実際には、両者の利点を組み合わせたアプローチ(例: JWTをHttpOnly Cookieに格納する)が広く採用されています。

まとめ:安全なWebサービスのために

JWTは現代のWeb認証・認可において非常に強力なツールですが、その安全性は適切な署名アルゴリズムの選択と、鍵の厳重な管理にかかっています。
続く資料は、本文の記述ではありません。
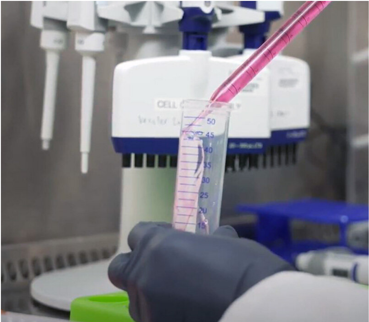
A close-up of a research procedure in the Veesler lab.

Studies of the plasma from pre-pandemic human samples, as well as from COVID-vaccinated and COVID-recovered individuals were also analyzed to see how frequently the stem-helix targeting antibodies appeared. They highest frequencies occurred in people who had recovered from COVID-19, then were later vaccinated. Overall, however, the data from this study shows that, while it does occur, it is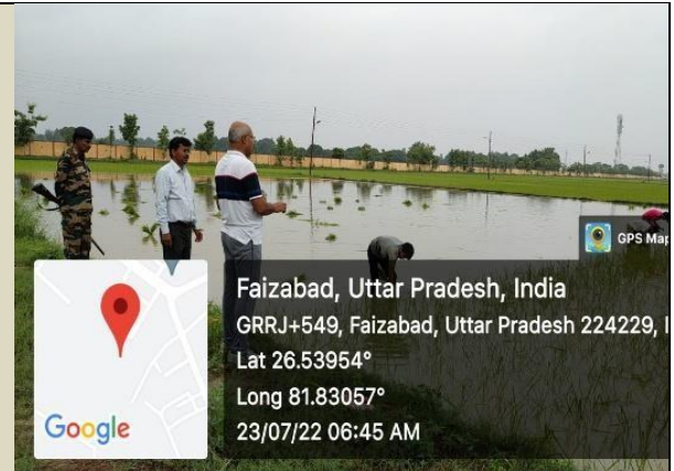
Students at Instructional farm for Practical Crop Production on 23.07.22

  • 署名は必須: JWTの完全性と信頼性を保証します。"none" アルゴリズムは絶対に使用しないでください。
  • アルゴリズム選択: セキュリティ要件とシステム構成に応じて、HS (HMAC), RS (RSA), ES (ECDSA) 系から適切なものを選択します。一般的にはRS/ES系が推奨されます。
  • 鍵管理: 秘密鍵(共有鍵または秘密鍵)はサービスの生命線です。絶対に漏洩させず、安全に管理・保管し、定期的にローテーションしましょう。
  • Cookieの活用: JWTの伝達には、HttpOnly, Secure, SameSite 属性を適切に設定したCookieを利用するのが安全な方法の一つです。

この記事を通じて、JWTとCookie、そしてそれらを支える署名技術についての理解が深まったなら幸いです。Webセキュリティは常に進化しています。常に最新の情報を学び、安全なサービス構築・利用を心がけましょう。